Investors pared the market's gains after both developments had initially boosted confidence amid increasing signs of a slowing economy. Wall Street has in recent months grappled with concerns about rising prices, a weaker dollar and continued turmoil in the credit markets.
Bernanke indicated the Fed is more concerned about the sagging economy then the immediate risks of inflation. In testimony on Capitol Hill, he told lawmakers the Fed will "act in a timely manner as needed to support growth and to provide adequate insurance against downside risks."
The remarks came as the dollar plunged to a record low against the 15-nation euro. That sent already inflated oil and gold prices further into record high territory, and raised the prospect of accelerating inflation.
Meanwhile, Fannie Mae and Freddie Mac _ the biggest sources of financing for U.S. home loans _ helped give the market some ballast after the government removed restrictions on the size of their portfolios. That offered a chance for an easing of the extremely tight mortgage market that has been battered by the subprime loan crisis.
"The government is trying to do their part," said Todd Leone, managing director of equity trading at Cowen & Co. "Together, this helps put a little more faith in the economy."
Major indexes initially moved higher before investors cash in profits, following a pattern set in recent weeks. The Dow Jones industrial average _ now up four straight sessions _ rose 9.36, or 0.07 percent, to 12,694.28.
Broader indexes were narrowly mixed. The Standard & Poor's 500 index fell 1.27, or 0.09 percent, to 1,380.02, and the Nasdaq composite index rose 8.79, or 0.37 percent, to 2,353.78.
Stocks were somewhat under pressure after the euro climbed to a record high of $1.5057 as sentiment increased that the Fed would continue its rate cut campaign. The U.S. currency was mixed against other major currencies.
The dollar's continued slide drove more money into commodities _ especially into oil and gold.
Oil prices broke through a new intraday high of $102 a barrel in overnight trading, then fell $1.24 to settle at $99.64 a barrel on the New York Mercantile Exchange. Meanwhile, gold futures set a new high of $961.30 an ounce.
Bond prices rose slightly. The yield on the benchmark 10-year note, which moves opposite its price, fell to 3.85 percent from 3.86 percent late Tuesday.
The moves followed a government report showing business investment in durable goods weakened more than forecast at the start of the year, playing into the nervousness about economic slowing. The Commerce Department reported durable goods orders dropped 5.3 percent in January, exceeding forecasts.

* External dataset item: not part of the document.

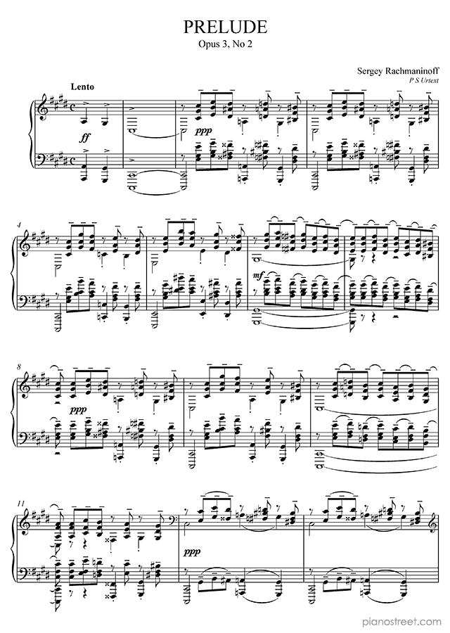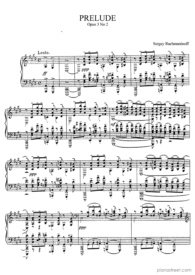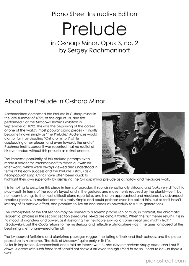 Rachmaninoff composed the Prelude in C-sharp minor in the late summer of 1892, at the age of 18, and first performed it at the Moscow Electric Exhibition in September of 1892. This was the beginning of the career of one of the world’s most popular piano pieces - it shortly became known simply as "The Prelude." Audiences would clamor for it by shouting "C-sharp minor!" while applauding other pieces, and even towards the end of Rachmaninoff’s career it was reported that no recital of his ever ended without this prelude as a final encore.Forum posts about this piece:

There was more bad news about the housing slump. The Commerce Department reported that new home sales fell in January for a third straight month, pushing activity down to the slowest pace in nearly 13 years.
Investors have been monitoring economic data to get a better idea about inflation, which could cause the Fed to stop lowering rates. The Fed, widely expected to make a half-point cut in interest rates, will meet again March 18.
Harry Clark, president of Clark Capital Management in Philadelphia, said a slowdown in the economy that avoids recession could create a moderate drop in demand and help ease pressure from rising prices.
"If the economy goes down the drain with rising prices, that's stagflation," he said. "Rising prices aren't a big deal if everyone is employed and the economy is growing."
The notion of some easing in the weakened mortgage sector pleased investors. Fannie Mae shares rose 30 cents to $27.27, while Freddie Mac shares fell 12 cents to $25.09.
The Russell 2000 index of smaller companies fell 0.88, or 0.12 percent, to 716.44.
Declining issues outpaced advancers by a 5 to 4 margin on the New York Stock Exchange, where volume came to 1.46 billion shares.